Connect the monitor to the video card *OR* the onboard video connector, whichever is applicable. If you have onboard video, use the onboard video rather than a video card.

*DO NOT* connect *ANYTHING* else.

* PLUG IN THE POWER SUPPLY*

*POWER ON THE POWER SUPPLY.*

At this point the power *supply should not turn on*. If the power supply comes on, *STOP*, there is a problem with either the power supply or the mainboard.

If the power supply *does not turn on* (which is correct), Use a flat bladed screwdriver to *momentarily* short the power switch connector on the motherboard header. If everything is OK when you short the power switch on the motherboard header the machine should POST.

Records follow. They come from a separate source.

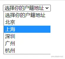 通过 selected 就可以完成默认选中,如果没有指定默认,默认选中第一项:
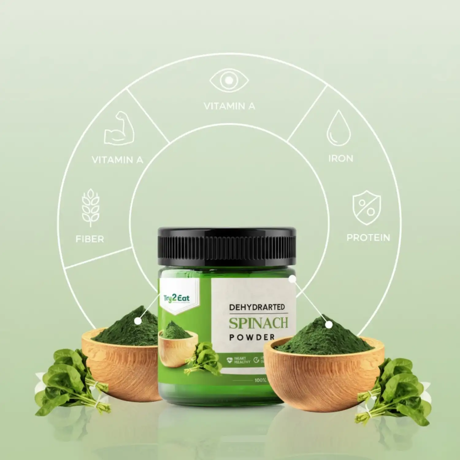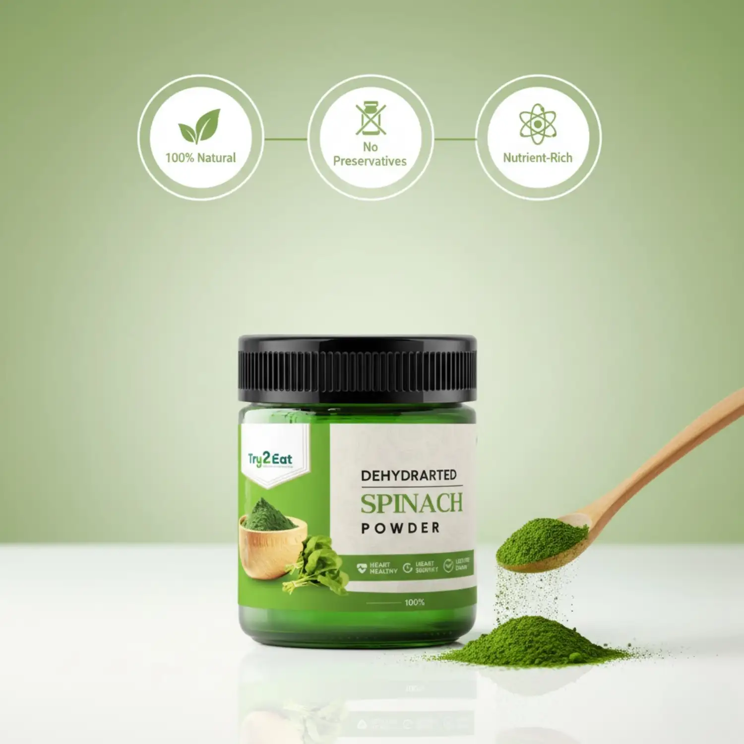 TRY2EAT Spinach Powder | 100% Natural | Vegan | No Additives | 100g
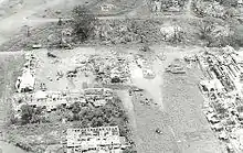 At around 11:55 am, the last remaining soldiers of the ARVN 1st Battalion were disembarked near the original landing zone in Thuận Lợi, and they too were put out of action within three minutes of touching down on the field.[22] During the afternoon, the VC had managed to destroy parts of the district headquarters building using their 57mm recoilless rifle. Second Lieutenant Williams then ordered 14 Americans inside the building, along with an equal number of Vietnamese women and children, to retreat to the artillery position located east of the town where they continued their resistance.[23] Late in the afternoon on June 10, the U.S. 118th Aviation Company was joined by other elements of the 145th Combat Aviation Battalion in their final sorties for the day; airlifting the ARVN 52nd Ranger Battalion from Phước Vinh into Đồng Xoài, with the objective of recapturing the road junction and the Special Forces Camp. Following their last mission, the 118th Aviation Company immediately returned to Biên Hòa. During the first day of heavy fighting, every helicopter in the unit had sustained damage, including the loss of one helicopter and its entire crew.[19]
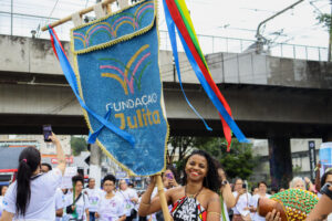 Este ano, à frente do grupo, estava Kelly Silva, trabalhadora da Fundação Julita e batuqueira regente do Maracatu Baque Atitude, ela conduziu grupo Raízes da Quebrada, composto por crianças e jovens beneficiados pelos programas da Fundação Julita, no cortejo que abriu a mobilização.
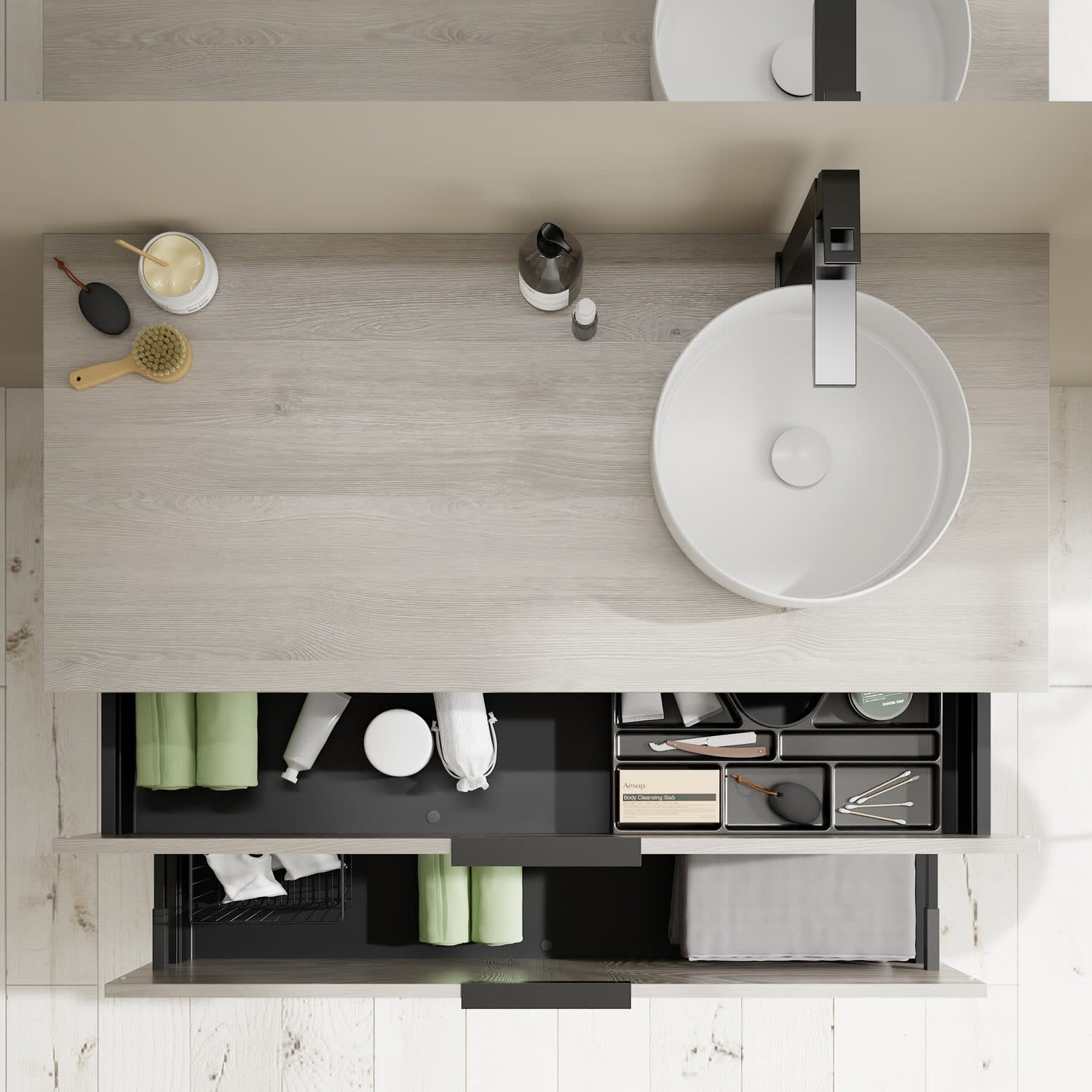 - 1 Schublade oben, 35 cm tief, mit Siphonausschnitt und Inneneinteilung
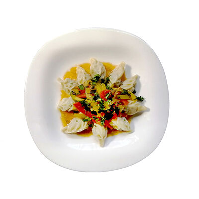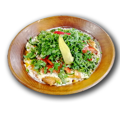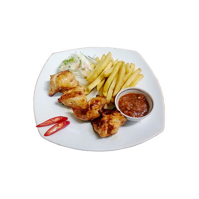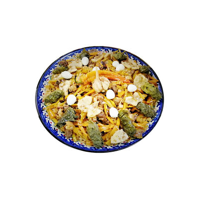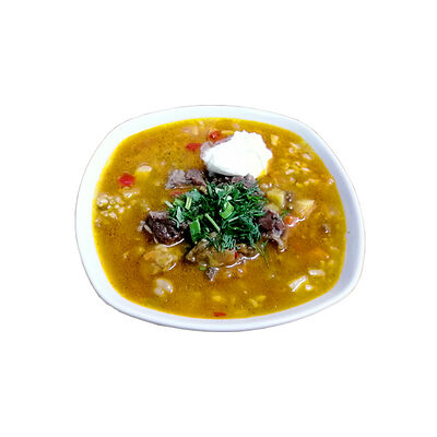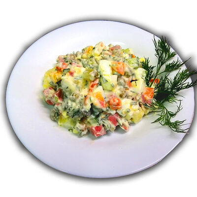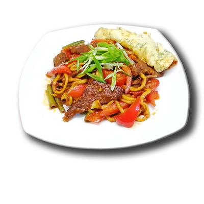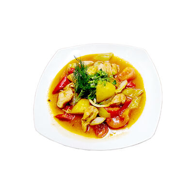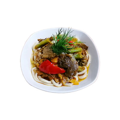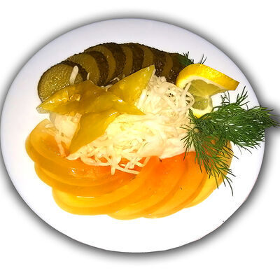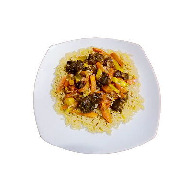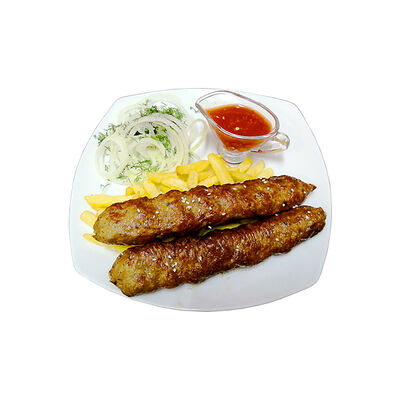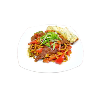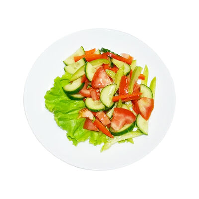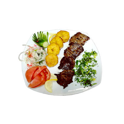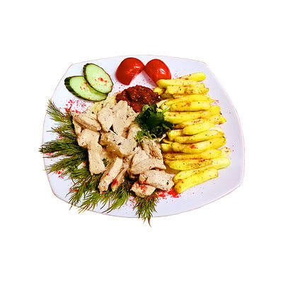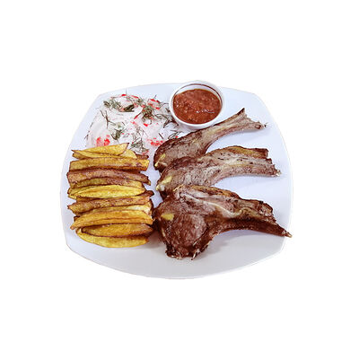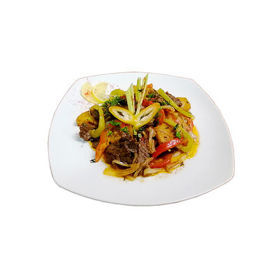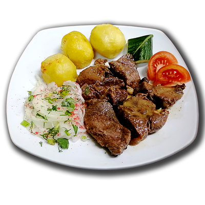 Баранина, картофель жареный, лук свежий, огурцы и помидоры
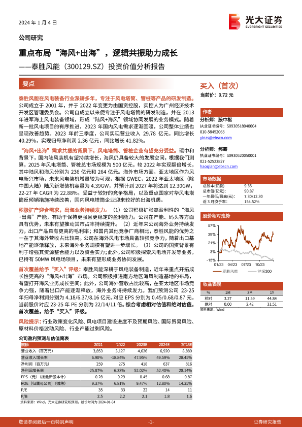 【光大证券】【20240104】泰胜风能(300129.SZ)投资价值分析报告:重点布局“海风+出海”,逻辑共振助力成长-38页
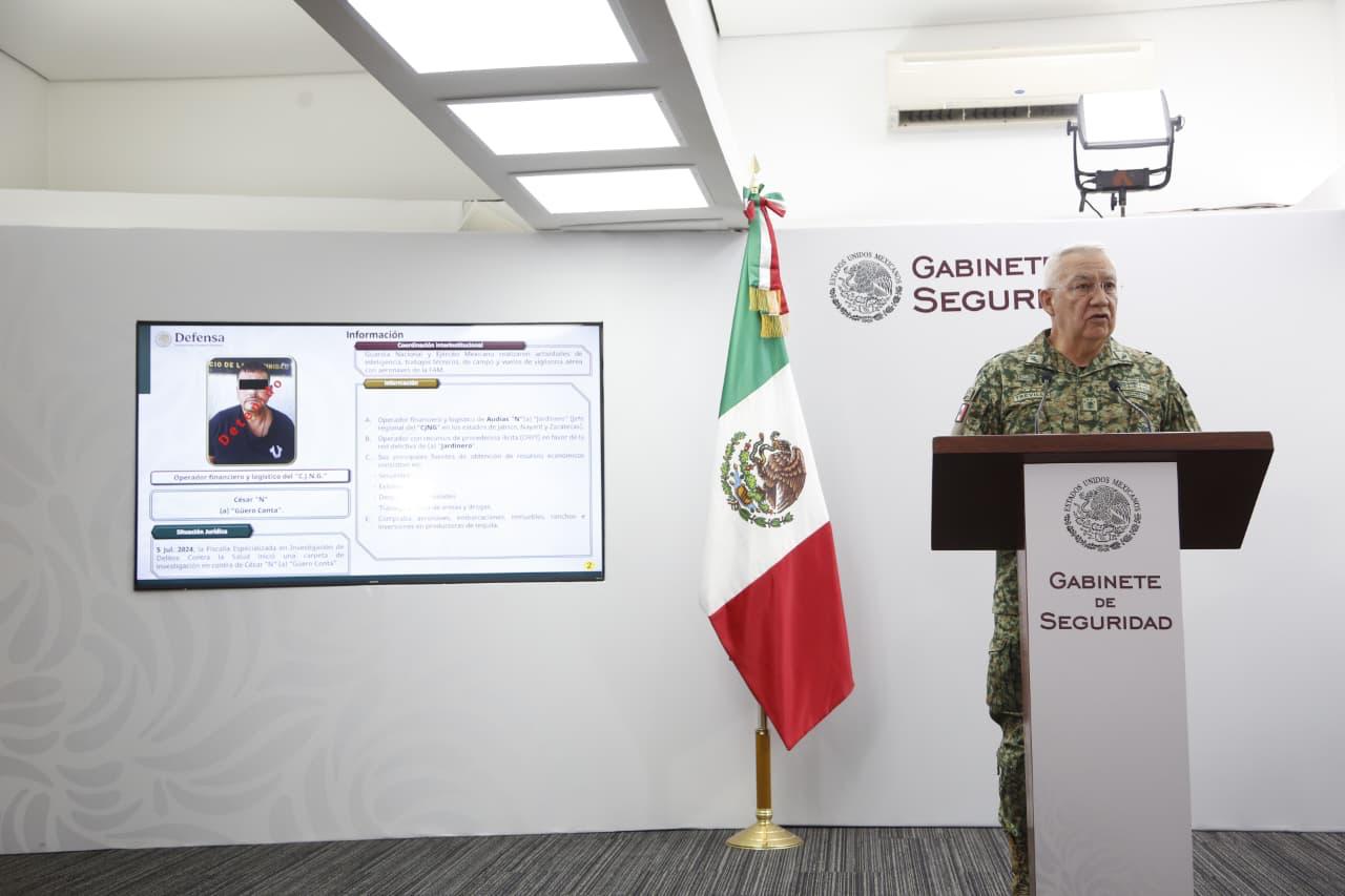 El secretario de la Defensa Nacional, Ricardo Trevilla Trejo, explicó que este individuo coordinaba esquemas de lavado de dinero y administración de recursos ilícitos, los cuales eran utilizados para adquirir armamento, aeronaves, propiedades y sostener la operación criminal.
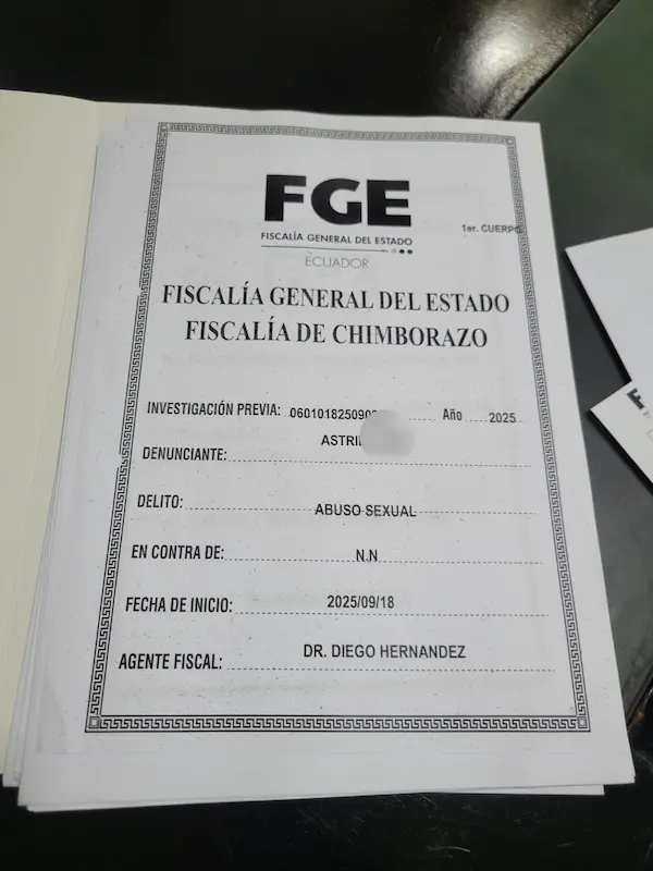 En un mes no se han dado diligencias, solo una muy importante dentro del expedientillo fiscal, que es la pericia ginecológica, donde el perito de Fiscalía, en su conclusión dice que hay laceraciones recientes, entonces con ese informe debían ya hacer algo, pero ni los protocolos del Ministerio de Educación, en este caso el Distrito Riobamba Chambo, se han dado
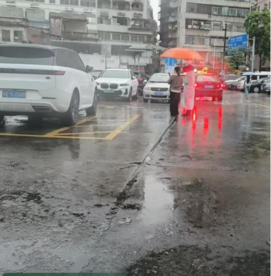 停车场内,家属站在雨里等车。另一位保安员默默走过去,把伞递到家属头顶:“您别急,车马上到,我陪您等。”几句轻声安抚,缓解了雨天的寒凉与等待的焦虑。
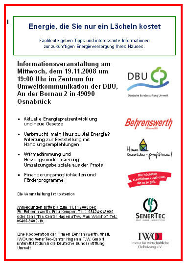 Anmeldungen bitte bis zum 11.11.2008 bei Firma Behrenswerth, Frau Kemper, Tel.: 05424-647090 oder SenerTec Center Hagen aTW, Frau Wamhof, Tel.: 05405-9806-19
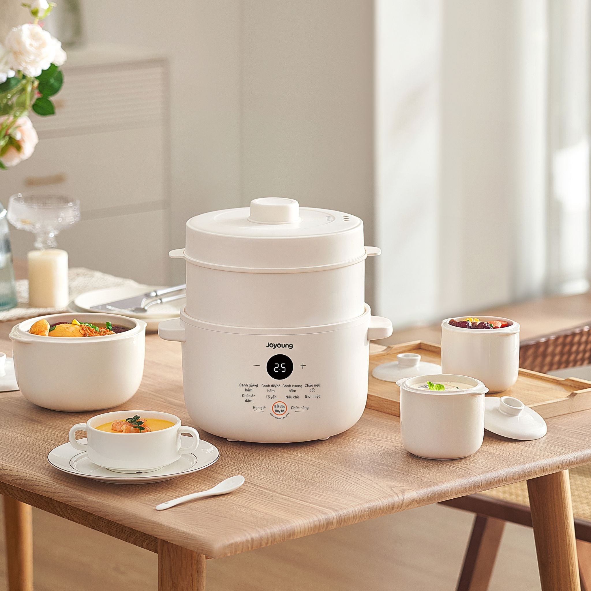 8 chế độ nấu: Súp gà/vịt, Súp bò/cừu, Súp xương, Súp ngũ cốc, Cháo cho bé, Tổ yến, Nấu chè

Attached is a photo of a standard 20 pin ATX power supply mainboard connector.


----------



## win2kpro (Jul 19, 2005)

A couple of questions.

What is the EXACT make and model of your power supply?

When you installed the mainboard in the case, did you install it on the standoffs (risers) to keep the maiboard from contacting the bottom of the case? If so, did you make sure there were no extra standoffs (risers) left attached to the case?


----------



## hughie (Dec 27, 2003)

Dear Win2kpro

Thanks for the detailed rundown, I will try your suggestions out later in the week. I installed the mobo on brass risers, BUT I think I screwed the mobo down on 1 built in riser on the metal computer case now after reading you article this maybe causing a short. 
The power supply is an codegen 400w.


----------



## hughie (Dec 27, 2003)

Dear All
I followed the advice given and I did an out of case build it seems the mobo's at fault is there any way round this problem? Or do I have to scrap the board?

Many thanks Hughie


----------



## win2kpro (Jul 19, 2005)

I would return the board to my place of purchase and get a replacement board. If you purchased the board new it should have some warranty either from the seller or from Asus.


----------